Poisson Regression Same Results in R as in Python?

Question

Poisson Regression Same Results in R as in Python?

gaussianZeroOne opened this issue 6 years ago · comments

I am trying to implement the same code from R using glmnet and in Python. The issue is that I am using Poisson regression.

In R, I want to run the following regression. A vector y on 3 variables. It is a simple example but I want to keep it simple to easily compare results in Python:

library(glmnet)
y= c(2.631007e-13, 2.953114e-09, 1.537151e-03)

covar = diag(3)

mod <- glmnet(x=covar, y=y, family="poisson")

The above produces the following coefficients: [1] 0.000000 0.000000 7.557667. Only the 3rd variable has any weight from the penalization.

In Python, using this package:

from pyglmnet import GLM

import numpy as np

glm = GLM(alpha=1, distr='poisson', tol=1e-07)

print(glm.fit(np.eye(3),np.array([2.631007e-13, 2.953114e-09, 1.537151e-03])).beta_)

This gives me [0,0,0] for the 3 coefficients.

I assume I may need to use K-Fold validation, and also search across various lambda (penalization) parameters.
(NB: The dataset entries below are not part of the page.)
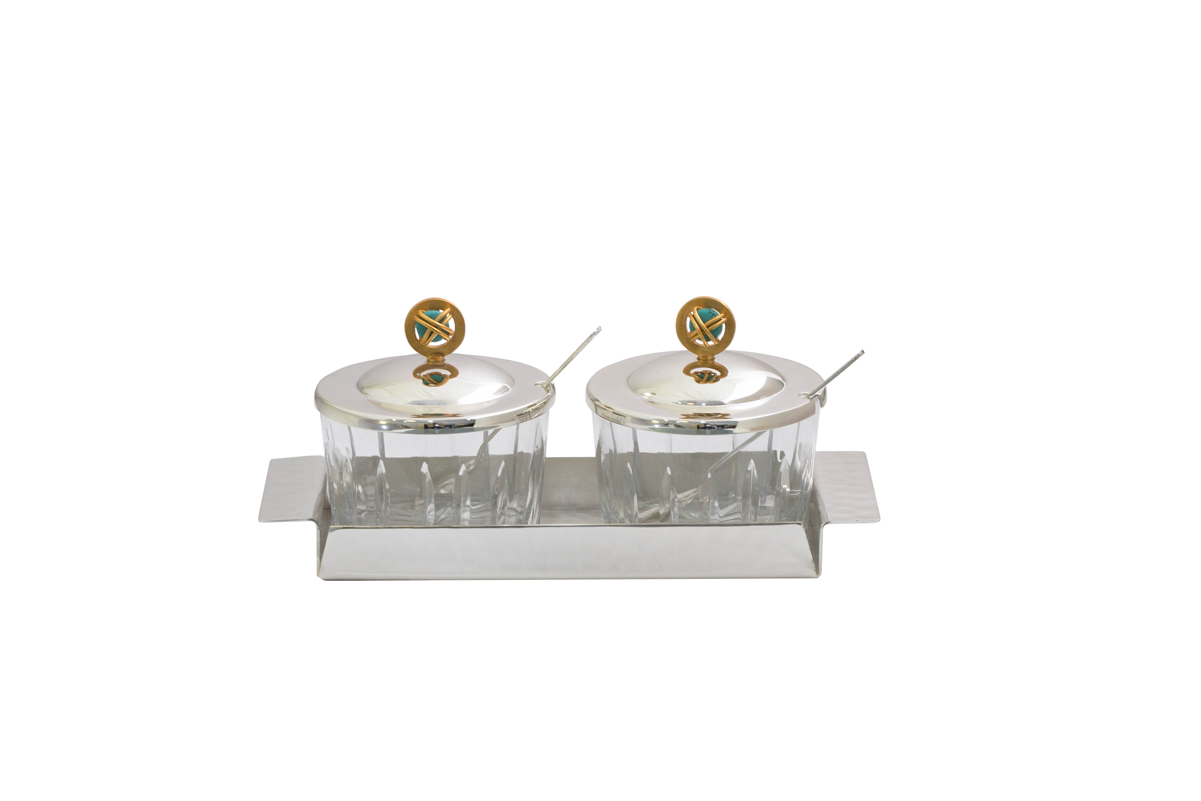 Zərif dizaynı ilə diqqət çəkən bu dəst şəkər qabı masa dekorasiyanıza incəlik qatacaq. Keyfiyyətli materiallardan hazırlanmış qabların qapaqları xüsusi naxışlı tutacaqları ilə tamamlanıb. Şüşə qablar isə kristal şəffaflığı ilə göz oxşayır.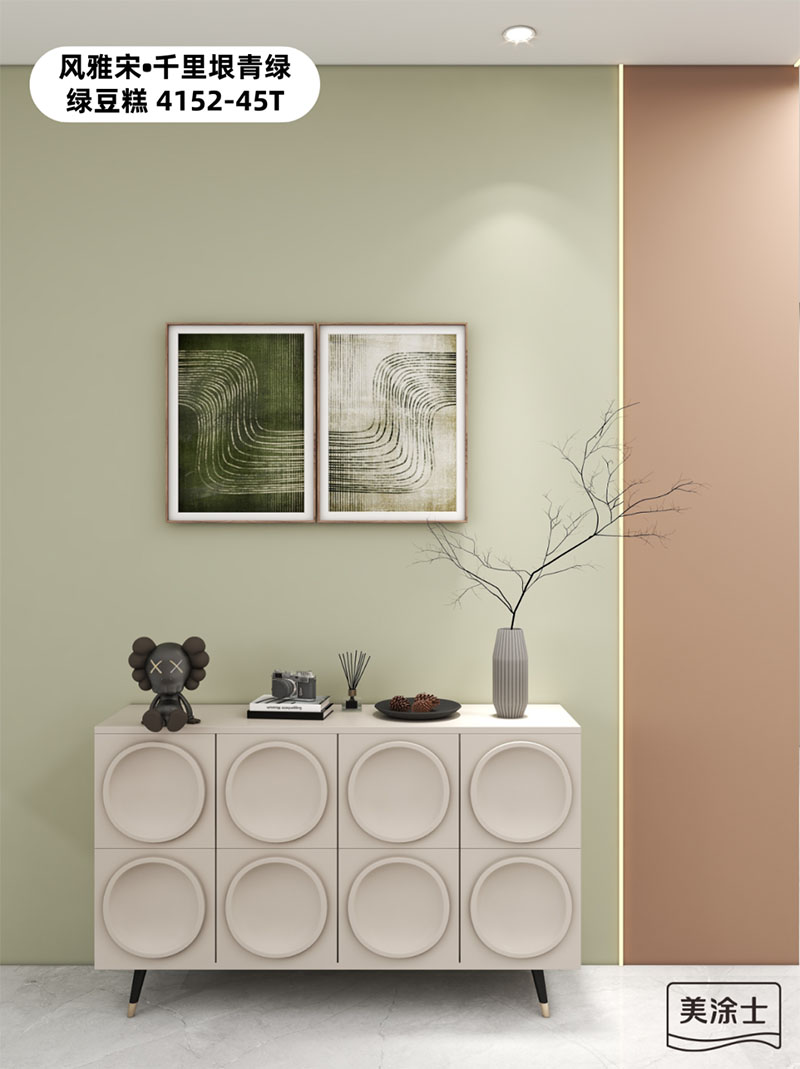 自带森系气质的茶绿色墙面,从客厅沙发背景墙延伸到过道以及餐厅背景墙处。这一抹绿豆糕4152-45T,不仅能体现您独特的个性,更使整个家中都增添一股清爽强劲的盎然之意。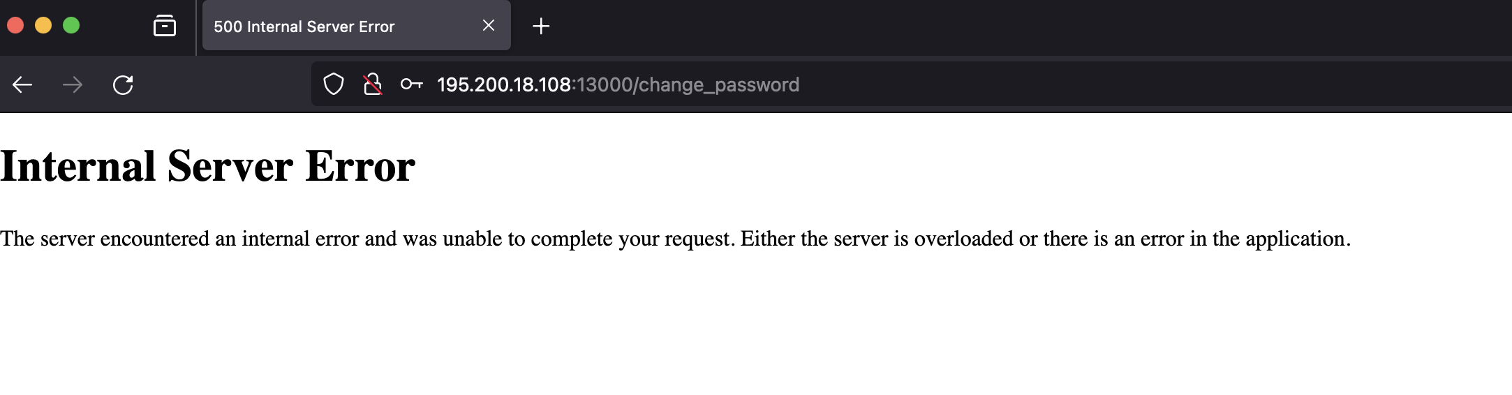 При попытке сменить ему пароль ловим Internal Server Error: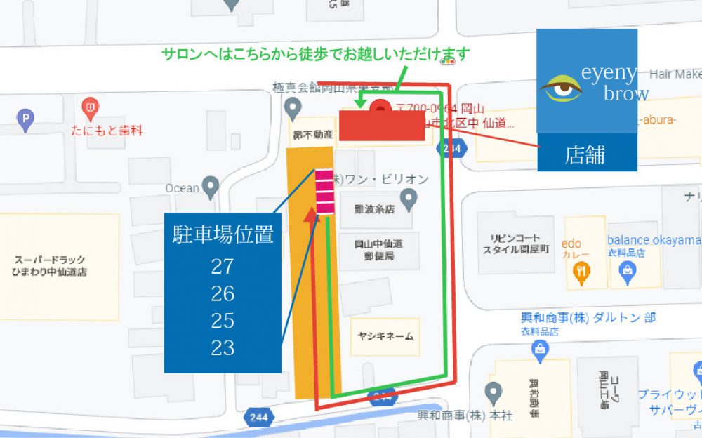 また駐車場内に同じ番号の駐車場位置がありますが、必ず「eyenybrow」看板のある番号位置へ駐車をお願い致します。
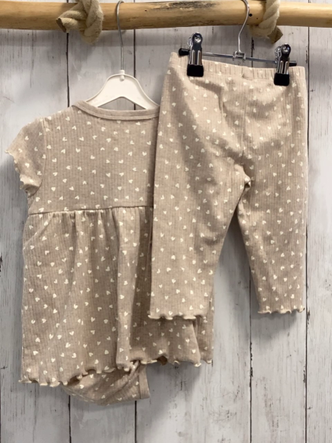 2tlg Kleid + Leggings Gr. 74 beige Rippen Bodyunterteil weiße Herzen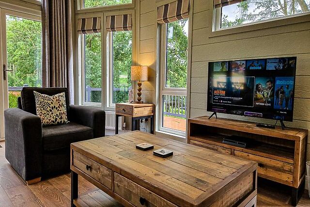 Head inside to discover a beautifully designed self-catering retreat, where modern furnishings and thoughtful touches create a welcoming stay. Floor-to-ceiling windows in the open-plan living area frame stunning views across open countryside, flooding the space with natural light.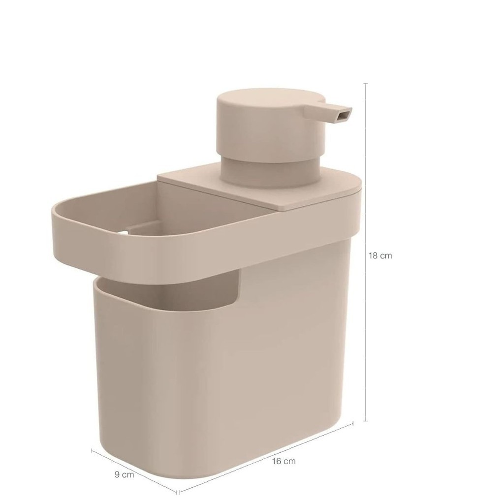 Dispenser Porta Detergente Bucha Buchinha Com Organizador De Pia 650ml Cozinha Bege OU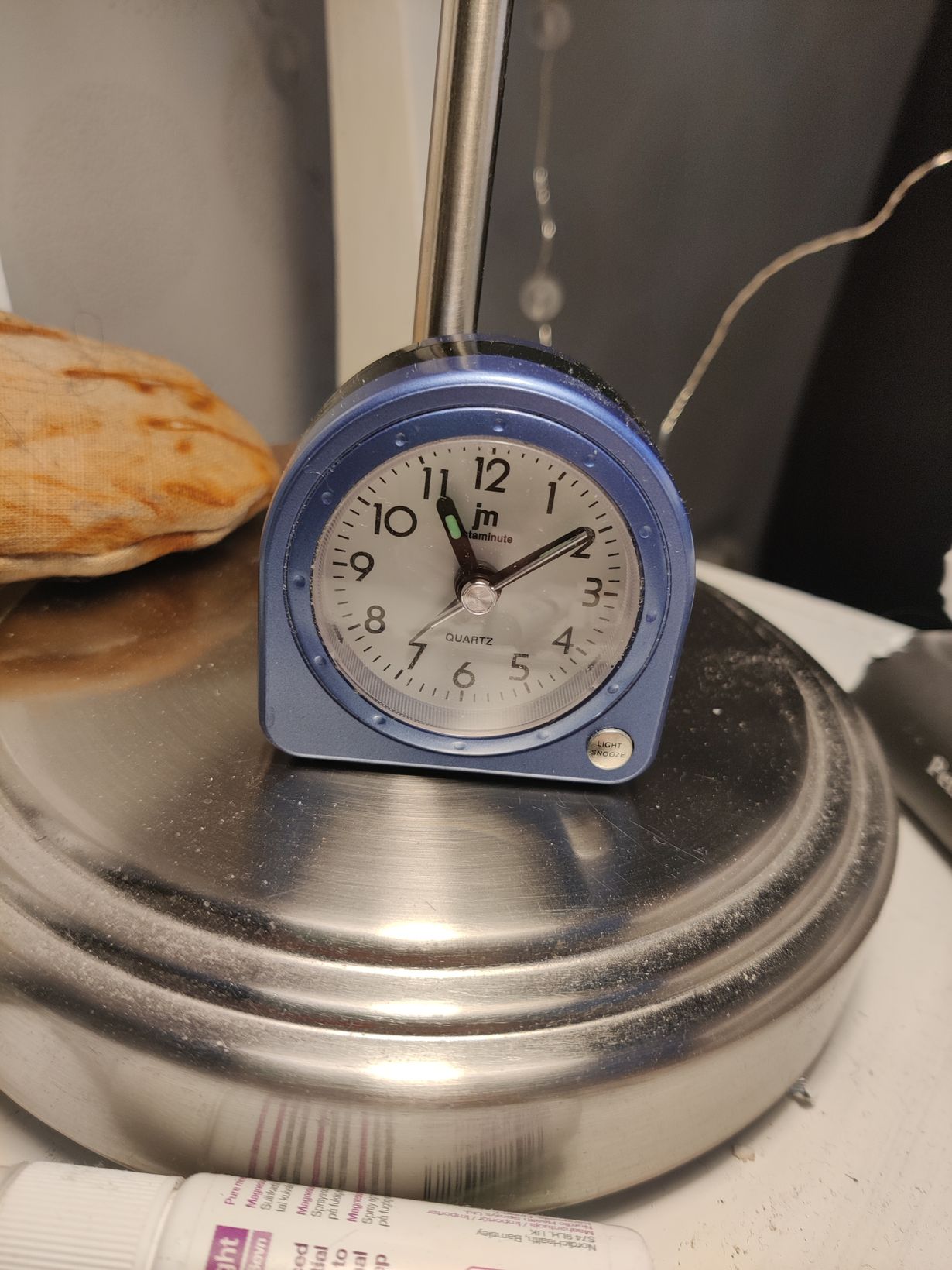 Rakas mammani nukkui pois vuosi sitten tammikuussa. Mamma oli tarkka ajasta ja siitä, että kello oli näkyvillä aina. Minulla ei ole ollut herätyskelloa vuosiin ja sain tämän. Nyt kello tikittää rauhalliseen tahtiinsa yöpöydälläni, antaa ajan ja herättää, tuo mammani lähelle.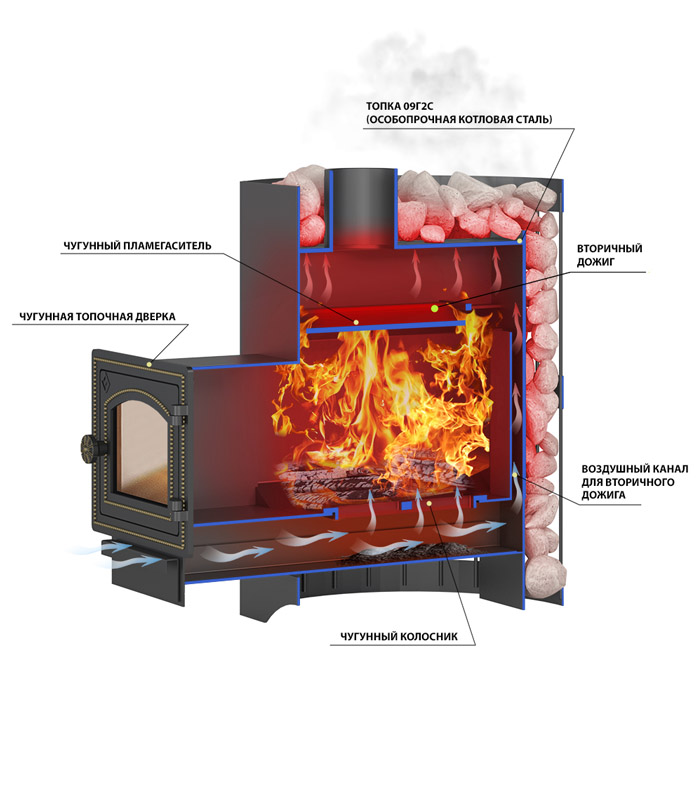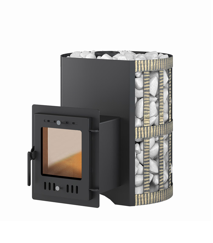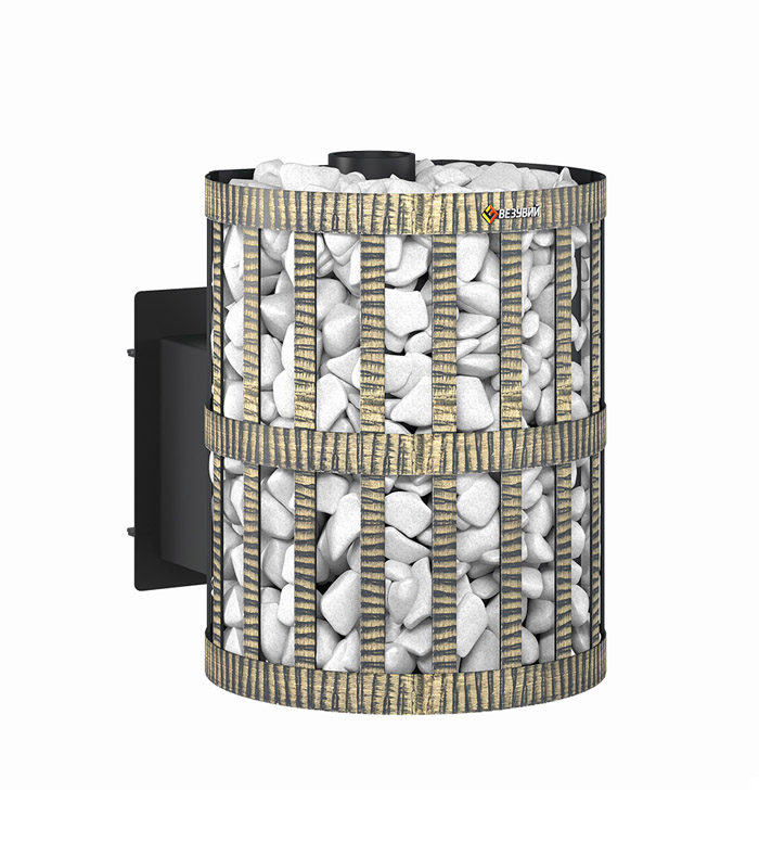 Открытая кожух-каменка выполнена в виде корзины, сплетённой из кованой стальной ленты. Заполнив сетку доверху банным камнем (110 кг), вы получаете идеально мягкую атмосферу и длительное сохранение комфортного тепла. Благодаря расположению камня вокруг топки, центральная часть раскаляется до очень высоких температур, что позволяет получить при подаче воды лучший лёгкий пар.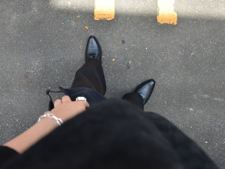全身ブラックのスタイリングにはシルバーパーツがアクセントに。

However, I am unsure how exactly to do this and if this is actually a feature of pyglmnet?

Has anyone been able to figure out how to run glmnet with poisson in Python to produce exactly the same results?

Mainak Jas · Answer 1 · Sat Mar 14 2020 05:16:18 GMT+0800 (China Standard Time)

yes it is! You should use GLMCV to search across various lambda. Can you make sure that these are matched between R and Python?

G · Answer 2 · Mon Mar 16 2020 21:51:56 GMT+0800 (China Standard Time)

Thank you @jasmainak.

I've tried the following in pyglmnet:

from pyglmnet import GLMCV

glm = GLMCV(alpha=1, distr='poisson', tol=1e-07, cv=2)

print(glm.fit(np.eye(3),np.array([2.631007e-13, 2.953114e-09, 1.537151e-03])).beta_)

However it produces [0, 0, 0]. I am unable to tweak the pyglmnet to produce the exact same code as in R's glmnet.

Could it be that the lambda sequences are different? I noticed in R's glmneet it produces the sequence of coefficients through each iteration. Is there a way to do this as well in pyglmnet to see if the differences are due to different starting points?

Mainak Jas · Answer 3 · Tue Mar 17 2020 12:27:29 GMT+0800 (China Standard Time)

@gaussianZeroOne could you also provide the R code that you have tried? I am not that familiar with R but I think @titipata might be able to help.

Titipat Achakulvisut · Answer 4 · Tue Mar 17 2020 13:34:56 GMT+0800 (China Standard Time)

@jasmainak, I edited the code above which should have the R code to reproduce.

Titipat Achakulvisut · Answer 5 · Tue Mar 17 2020 13:53:38 GMT+0800 (China Standard Time)

And yes, it seems like there is something going on with the optimizer. I tried the same example and couldn't get the same result as in R. Maybe @pavanramkumar knows more in detail why it does not give the same result in this case.

Mainak Jas · Answer 6 · Thu Mar 19 2020 04:13:22 GMT+0800 (China Standard Time)

cool thanks, I'll take a look tomorrow!